**RECORDS SUPPLIED:**
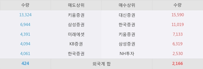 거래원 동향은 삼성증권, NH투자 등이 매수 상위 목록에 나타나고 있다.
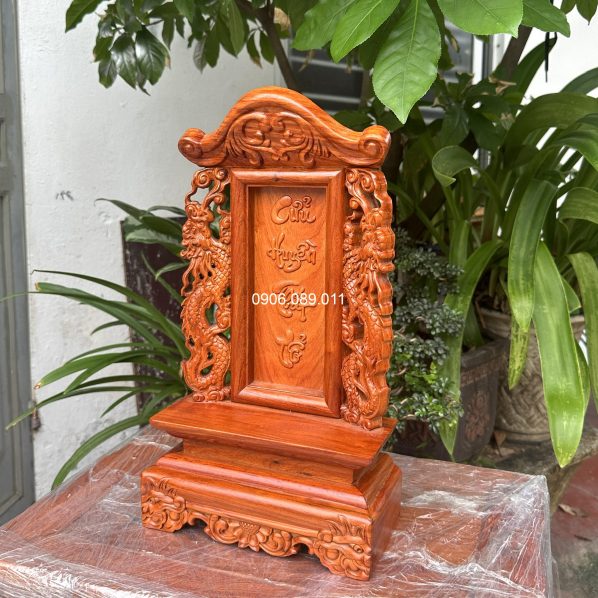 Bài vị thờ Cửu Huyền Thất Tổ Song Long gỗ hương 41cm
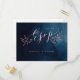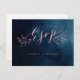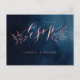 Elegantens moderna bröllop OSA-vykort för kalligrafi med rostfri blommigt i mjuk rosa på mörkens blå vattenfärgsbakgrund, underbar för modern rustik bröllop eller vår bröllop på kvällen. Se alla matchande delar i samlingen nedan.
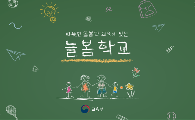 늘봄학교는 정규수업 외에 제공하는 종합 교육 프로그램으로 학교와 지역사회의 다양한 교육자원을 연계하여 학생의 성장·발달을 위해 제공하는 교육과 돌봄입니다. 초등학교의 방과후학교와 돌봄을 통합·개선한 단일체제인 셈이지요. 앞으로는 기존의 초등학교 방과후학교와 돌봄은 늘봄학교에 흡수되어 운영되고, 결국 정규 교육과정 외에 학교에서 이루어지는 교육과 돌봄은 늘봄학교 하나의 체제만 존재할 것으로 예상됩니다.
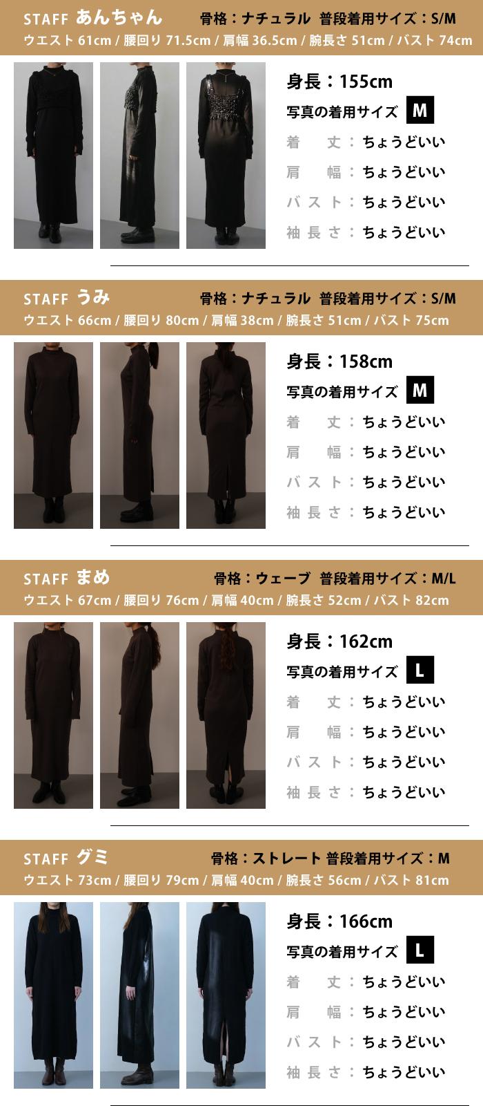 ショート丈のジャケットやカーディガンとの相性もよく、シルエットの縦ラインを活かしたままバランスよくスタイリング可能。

* * *

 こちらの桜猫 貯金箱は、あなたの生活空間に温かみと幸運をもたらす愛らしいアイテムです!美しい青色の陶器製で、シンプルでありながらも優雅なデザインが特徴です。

**ASSIGNED TASK:** Once the line with "거래원 동향은 삼성증권, NH투자 등이 매수 상위 목록에 나타나고 있다." is found above, transcribe each line from it through the line with "ショート丈のジャケットやカー", exactly, and omit the pictures.

**TASK OUTPUT:**
 거래원 동향은 삼성증권, NH투자 등이 매수 상위 목록에 나타나고 있다.
 Bài vị thờ Cửu Huyền Thất Tổ Song Long gỗ hương 41cm
 Elegantens moderna bröllop OSA-vykort för kalligrafi med rostfri blommigt i mjuk rosa på mörkens blå vattenfärgsbakgrund, underbar för modern rustik bröllop eller vår bröllop på kvällen. Se alla matchande delar i samlingen nedan.
 늘봄학교는 정규수업 외에 제공하는 종합 교육 프로그램으로 학교와 지역사회의 다양한 교육자원을 연계하여 학생의 성장·발달을 위해 제공하는 교육과 돌봄입니다. 초등학교의 방과후학교와 돌봄을 통합·개선한 단일체제인 셈이지요. 앞으로는 기존의 초등학교 방과후학교와 돌봄은 늘봄학교에 흡수되어 운영되고, 결국 정규 교육과정 외에 학교에서 이루어지는 교육과 돌봄은 늘봄학교 하나의 체제만 존재할 것으로 예상됩니다.
 ショート丈のジャケットやカーディガンとの相性もよく、シルエットの縦ラインを活かしたままバランスよくスタイリング可能。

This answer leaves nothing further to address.